■ **What to produce**: Copy exactly the lines from the one containing "En résumé : OpenClaw" through the last line of the records below, including both, and leave out any pictures.

(Stored data entries)
--
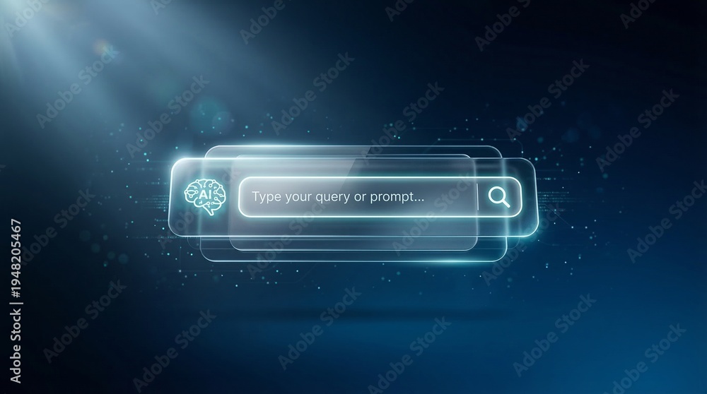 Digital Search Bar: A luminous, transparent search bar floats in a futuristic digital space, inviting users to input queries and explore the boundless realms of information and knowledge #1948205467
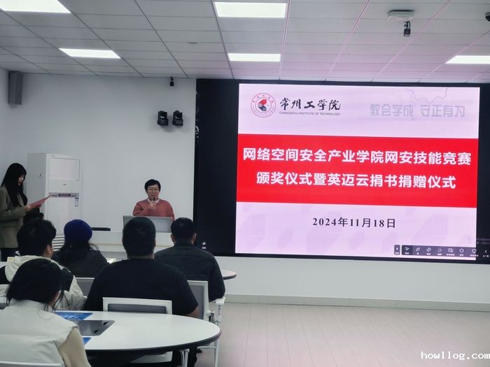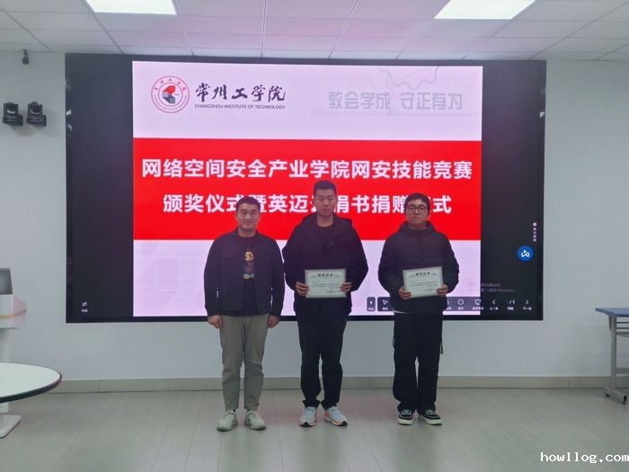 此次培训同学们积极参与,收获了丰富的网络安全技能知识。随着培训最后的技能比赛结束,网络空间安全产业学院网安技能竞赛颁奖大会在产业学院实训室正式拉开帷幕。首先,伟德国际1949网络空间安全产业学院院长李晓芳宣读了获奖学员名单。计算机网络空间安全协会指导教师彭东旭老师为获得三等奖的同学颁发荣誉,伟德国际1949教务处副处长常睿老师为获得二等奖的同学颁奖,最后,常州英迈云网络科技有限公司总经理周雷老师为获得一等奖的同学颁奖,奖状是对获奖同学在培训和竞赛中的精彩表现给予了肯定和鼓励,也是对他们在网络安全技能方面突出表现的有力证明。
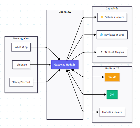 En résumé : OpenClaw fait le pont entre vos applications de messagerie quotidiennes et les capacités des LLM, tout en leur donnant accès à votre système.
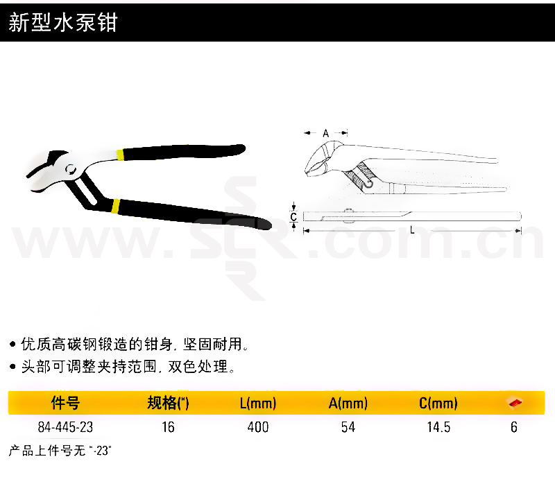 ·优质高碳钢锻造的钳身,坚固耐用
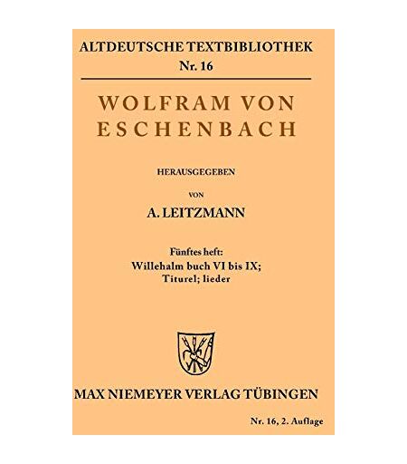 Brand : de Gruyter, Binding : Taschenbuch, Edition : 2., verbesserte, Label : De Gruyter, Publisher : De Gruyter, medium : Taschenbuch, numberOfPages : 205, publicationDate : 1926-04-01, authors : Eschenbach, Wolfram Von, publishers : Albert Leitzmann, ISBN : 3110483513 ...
--
■ **Solution for this problem**:
 En résumé : OpenClaw fait le pont entre vos applications de messagerie quotidiennes et les capacités des LLM, tout en leur donnant accès à votre système.
 ·优质高碳钢锻造的钳身,坚固耐用
 Brand : de Gruyter, Binding : Taschenbuch, Edition : 2., verbesserte, Label : De Gruyter, Publisher : De Gruyter, medium : Taschenbuch, numberOfPages : 205, publicationDate : 1926-04-01, authors : Eschenbach, Wolfram Von, publishers : Albert Leitzmann, ISBN : 3110483513 ...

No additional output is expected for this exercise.